The Out Astronaut Contest is now accepting submissions until Jan. 31.
Out Astronaut is an annual competition hosted by the Out Astronaut Project in partnership with the nonprofit research and education organization Project PoSSUM (Polar Suborbital Science in the Upper Mesosphere) "to encourage LGBTQ-identified individuals in the STEM [Science, Technology, Engineering and Math] fields to share their stories publicly and in doing so create visibility and representation," the contest's website reads.
Project PoSSUM, which facilitates upper atmospheric and space technology research, will award the winner of the contest a full scholarship to attend the next Advanced PoSSUM Academy at the Florida Institute of Technology in Melbourne. The scholarship will include housing and travel costs.
To apply for Out Astronaut, check out the contest website here.
Related: Why aren't there any openly gay astronauts?
The competition consists of three phases and aims to select applicants who are both a part of the LGBTQ community and involved in STEM fields to "serve as role models to LGBTQ youth, and become representatives of their community as pioneers of astronautical science," according to the website.
Applicants must meet a handful of additional requirements. They must be between 18 and 39 years old; be a resident of the U.S., Canada, Mexico, the Caribbean or Central America; have earned a bachelor's degree or be currently enrolled in an accredited degree program; and be able to obtain a U.S. Federal Aviation Administration Class III Flight Physical (or equivalent), according to the website.
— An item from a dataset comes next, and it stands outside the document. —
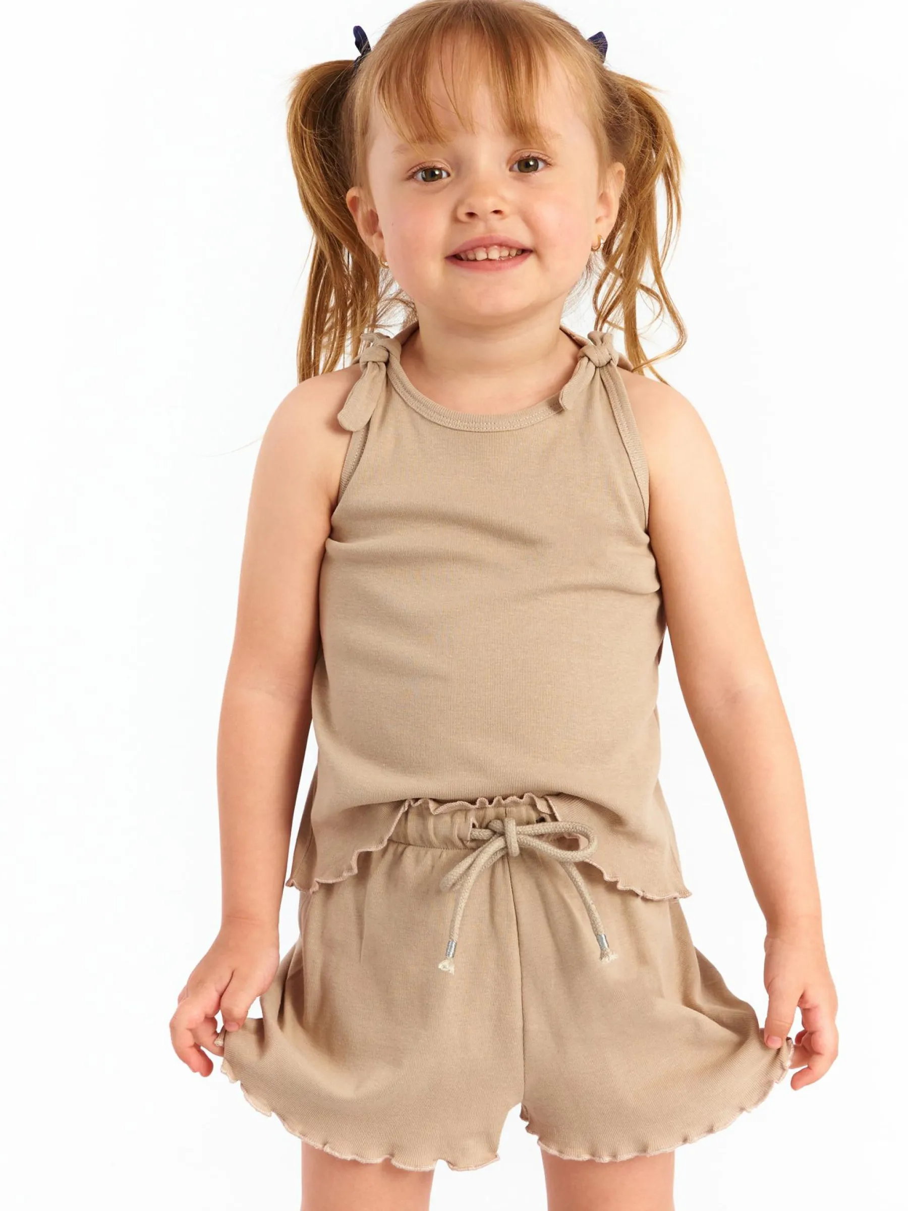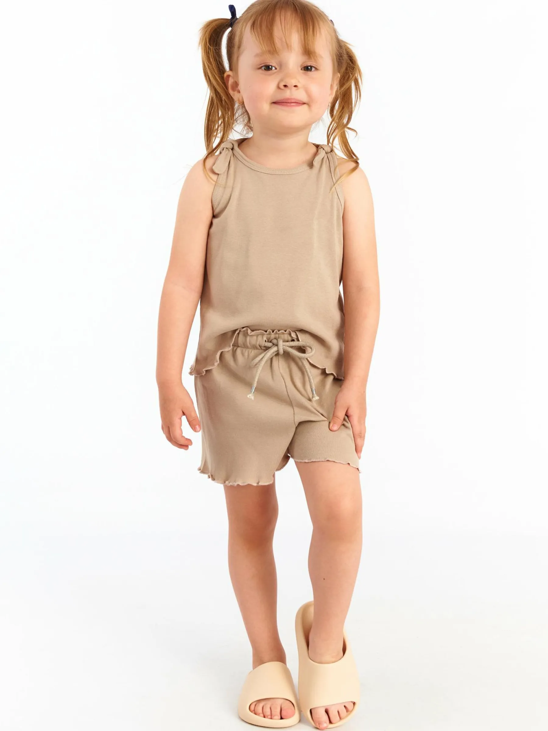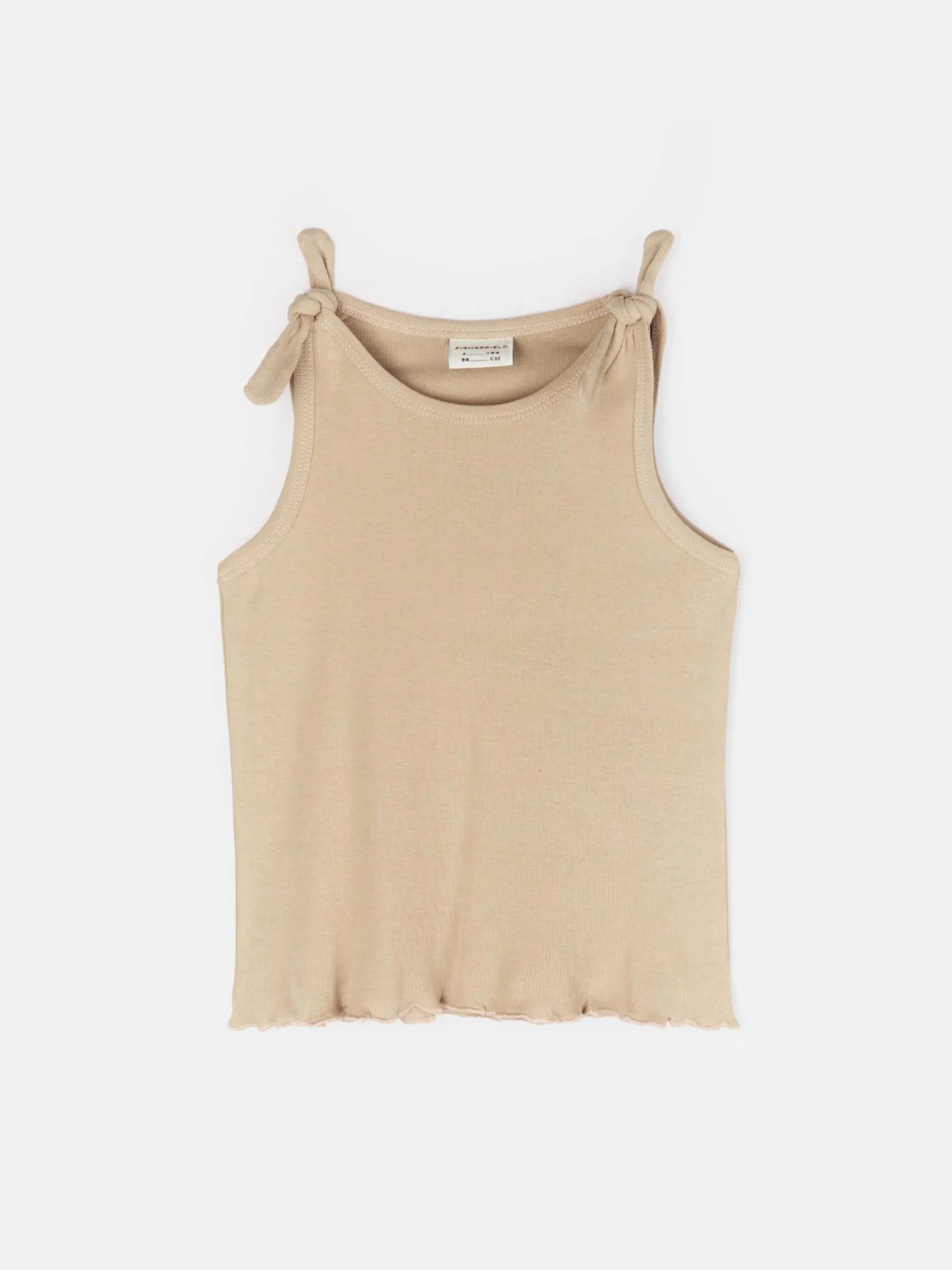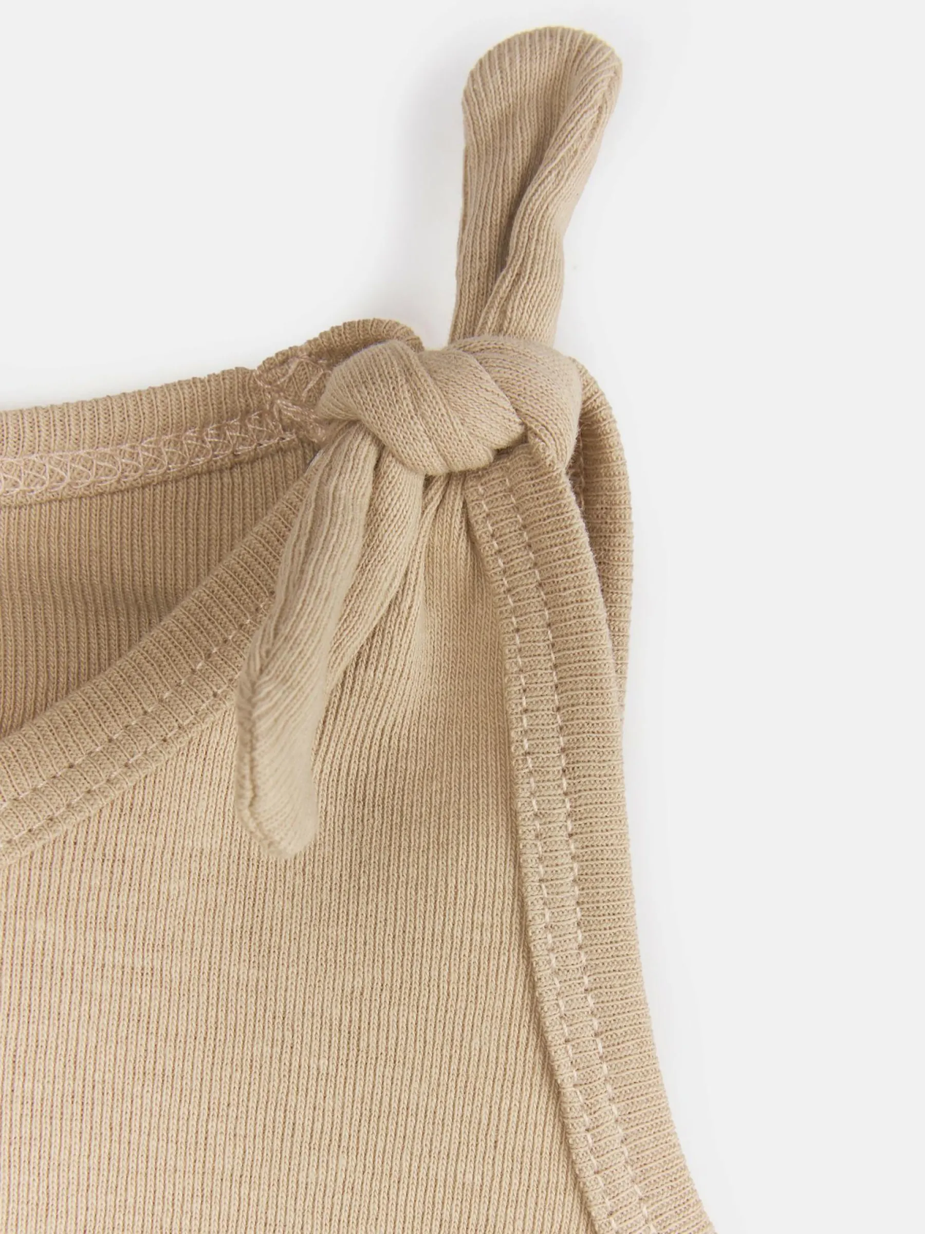 Kolor: brązowyKrój: regularTyp: podkoszulekRekaw: bez rękawówDługość: krótkiPattern style: żebrowanyDetal: nad …

Previously, Out Astronaut chose its first winner: 2018 Brooke Owens Fellow Shannon Gatta, an informatics student at the University of Washington who identifies as pansexual.
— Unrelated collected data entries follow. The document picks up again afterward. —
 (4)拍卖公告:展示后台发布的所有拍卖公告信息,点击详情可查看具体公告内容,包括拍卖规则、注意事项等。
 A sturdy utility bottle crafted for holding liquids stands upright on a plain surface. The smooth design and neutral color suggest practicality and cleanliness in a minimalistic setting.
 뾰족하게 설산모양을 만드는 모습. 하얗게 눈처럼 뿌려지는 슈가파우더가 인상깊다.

"This is an incredible honor to be selected to be the first astronaut candidate under the Out Astronaut organization," Gatta said about winning in a statement. "Thanks to them, I'm able to serve openly and without apology as a queer woman while training for a research mission to space. I plan to show the world that identifying openly as LGBTQ+ should not be seen as a limitation to success, and crossing the frontiers of space will inspire the community to achieve authentically, and for the world to accept us as we are."